> _Information provided_

◇ ◇ ◇ ◇ ◇

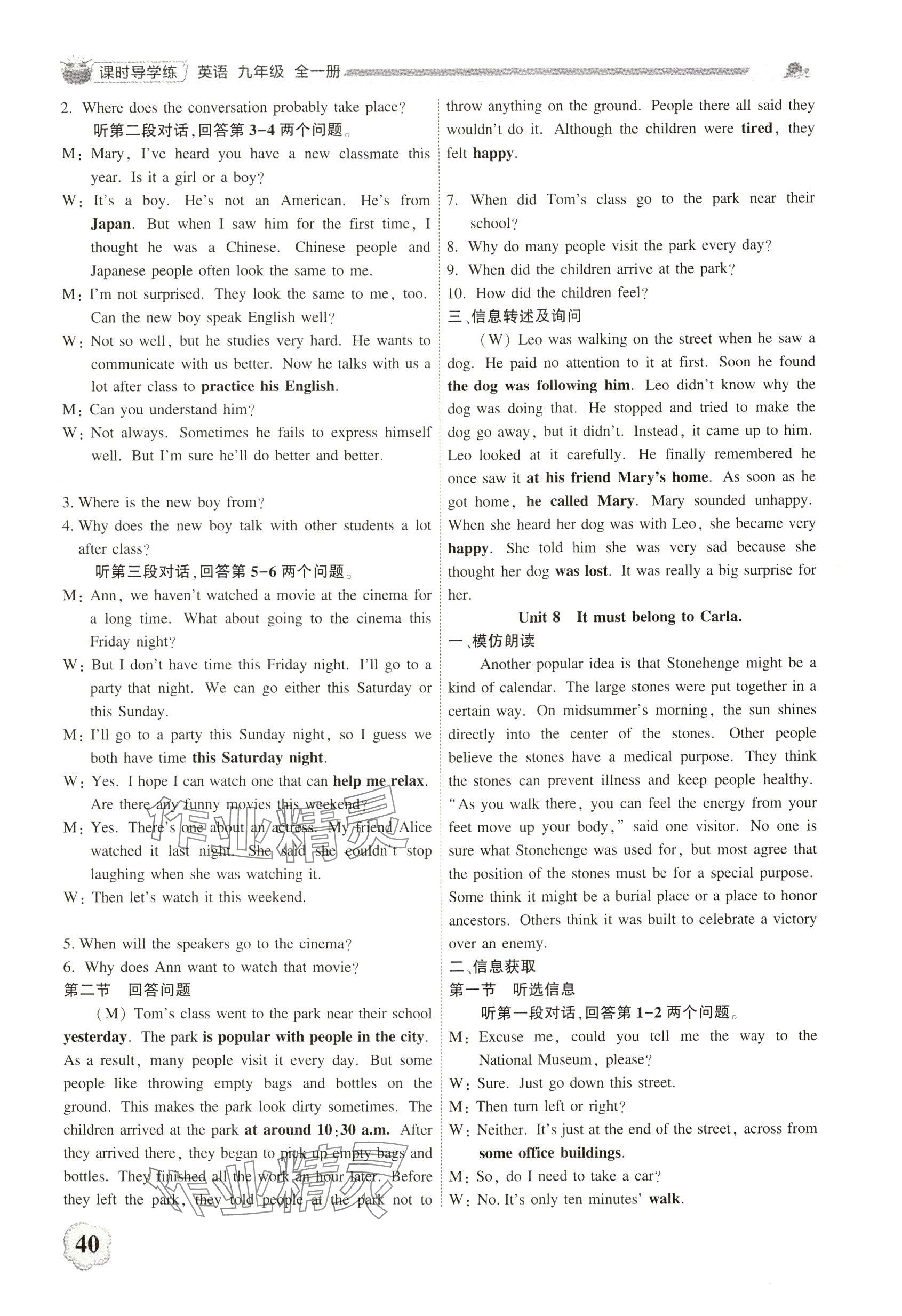 注:目前有些书本章节名称可能整理的还不是很完善,但都是按照顺序排列的,请同学们按照顺序仔细查找。练习册 2024年课时导学练九年级英语全一册人教版广东专版 答案主要是用来给同学们做完题方便对答案用的,请勿直接抄袭。
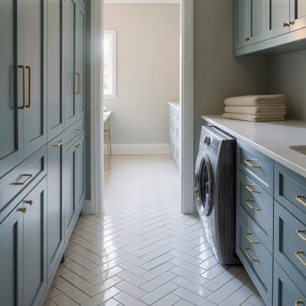 Herringbone Tile Laundry Room Layout
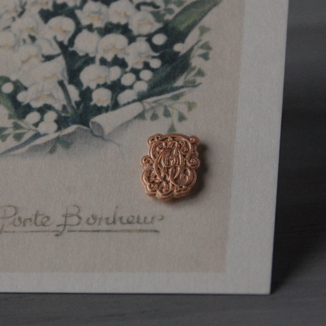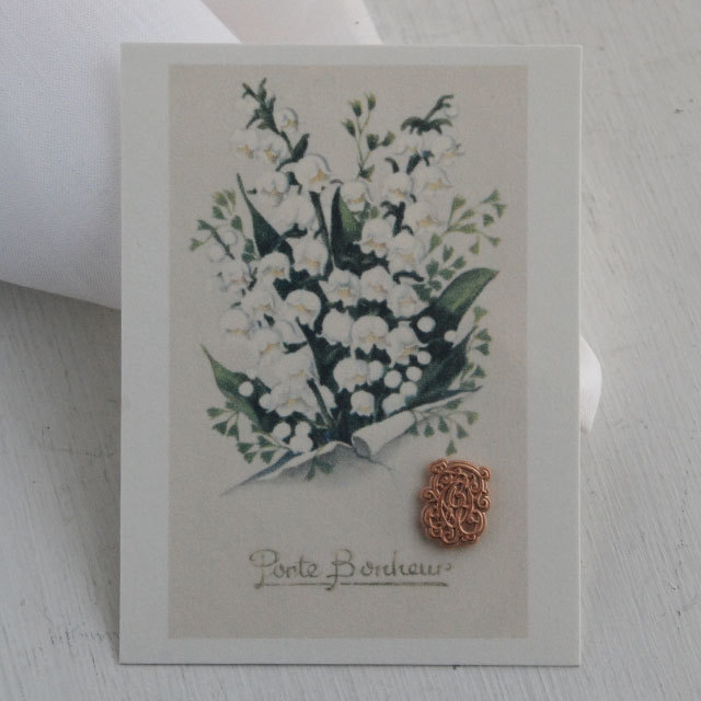 ピンブローチをアンティークのすずらんカードを印刷した台紙にセットしました。

◇ ◇ ◇ ◇ ◇

> _Directions_
The whole listing should be printed again exactly as written, images excluded.

> _Exercise output_
 注:目前有些书本章节名称可能整理的还不是很完善,但都是按照顺序排列的,请同学们按照顺序仔细查找。练习册 2024年课时导学练九年级英语全一册人教版广东专版 答案主要是用来给同学们做完题方便对答案用的,请勿直接抄袭。
 Herringbone Tile Laundry Room Layout
 ピンブローチをアンティークのすずらんカードを印刷した台紙にセットしました。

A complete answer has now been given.